Task requirements
For the data that follows, print the line with "Price Sensitive Information", the line with "Ticaret Bakanlığı, gayrimenkul", and all lines between them, exactly as they stand. Omit pictures and add nothing.

Information
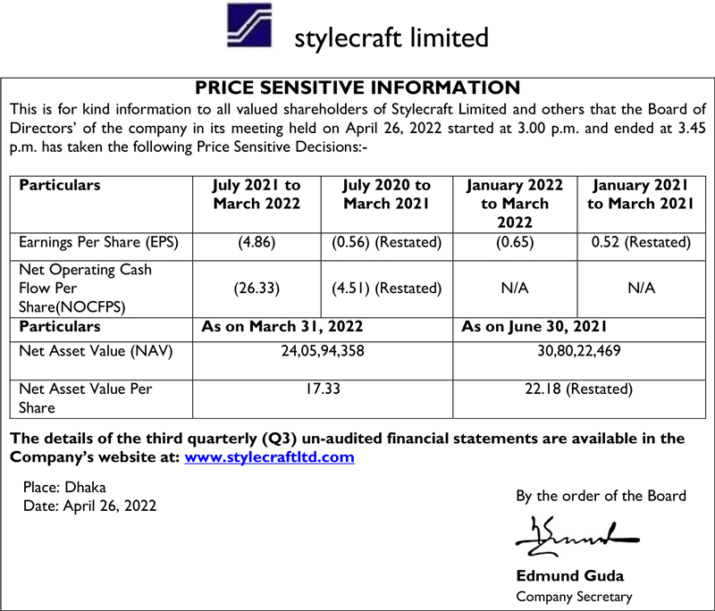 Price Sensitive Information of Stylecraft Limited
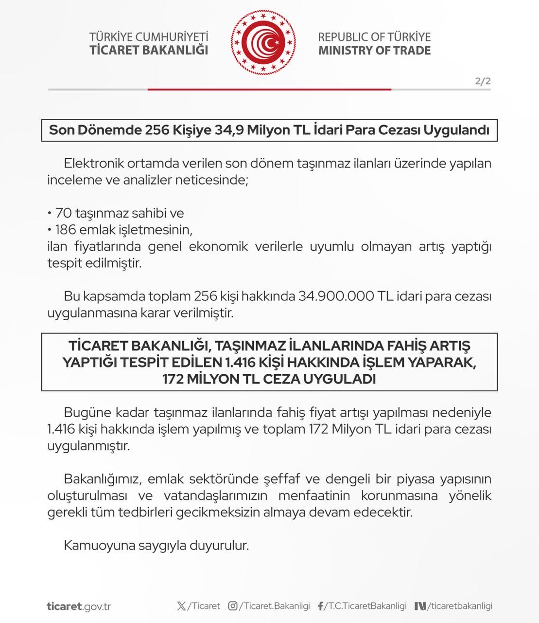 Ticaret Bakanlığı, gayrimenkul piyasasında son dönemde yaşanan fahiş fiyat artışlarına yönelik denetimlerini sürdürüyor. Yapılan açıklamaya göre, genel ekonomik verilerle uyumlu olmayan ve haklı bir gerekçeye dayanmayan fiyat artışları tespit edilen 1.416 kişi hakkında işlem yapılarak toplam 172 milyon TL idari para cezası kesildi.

==

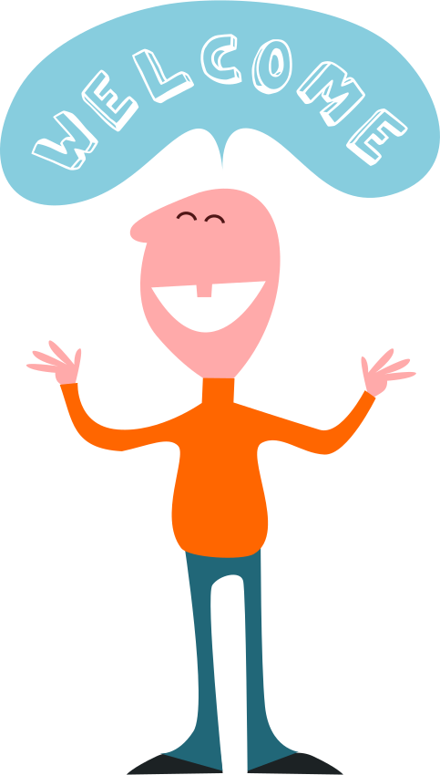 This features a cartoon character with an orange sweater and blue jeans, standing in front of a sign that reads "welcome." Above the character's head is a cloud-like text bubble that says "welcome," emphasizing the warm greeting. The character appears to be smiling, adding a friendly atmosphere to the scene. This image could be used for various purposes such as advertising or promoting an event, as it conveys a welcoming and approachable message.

--

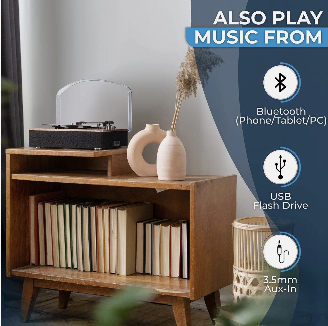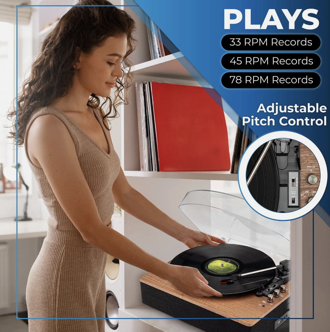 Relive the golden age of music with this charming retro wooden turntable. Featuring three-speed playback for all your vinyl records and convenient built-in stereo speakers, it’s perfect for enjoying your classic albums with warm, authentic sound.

Solved exercise
 Price Sensitive Information of Stylecraft Limited
 Ticaret Bakanlığı, gayrimenkul piyasasında son dönemde yaşanan fahiş fiyat artışlarına yönelik denetimlerini sürdürüyor. Yapılan açıklamaya göre, genel ekonomik verilerle uyumlu olmayan ve haklı bir gerekçeye dayanmayan fiyat artışları tespit edilen 1.416 kişi hakkında işlem yapılarak toplam 172 milyon TL idari para cezası kesildi.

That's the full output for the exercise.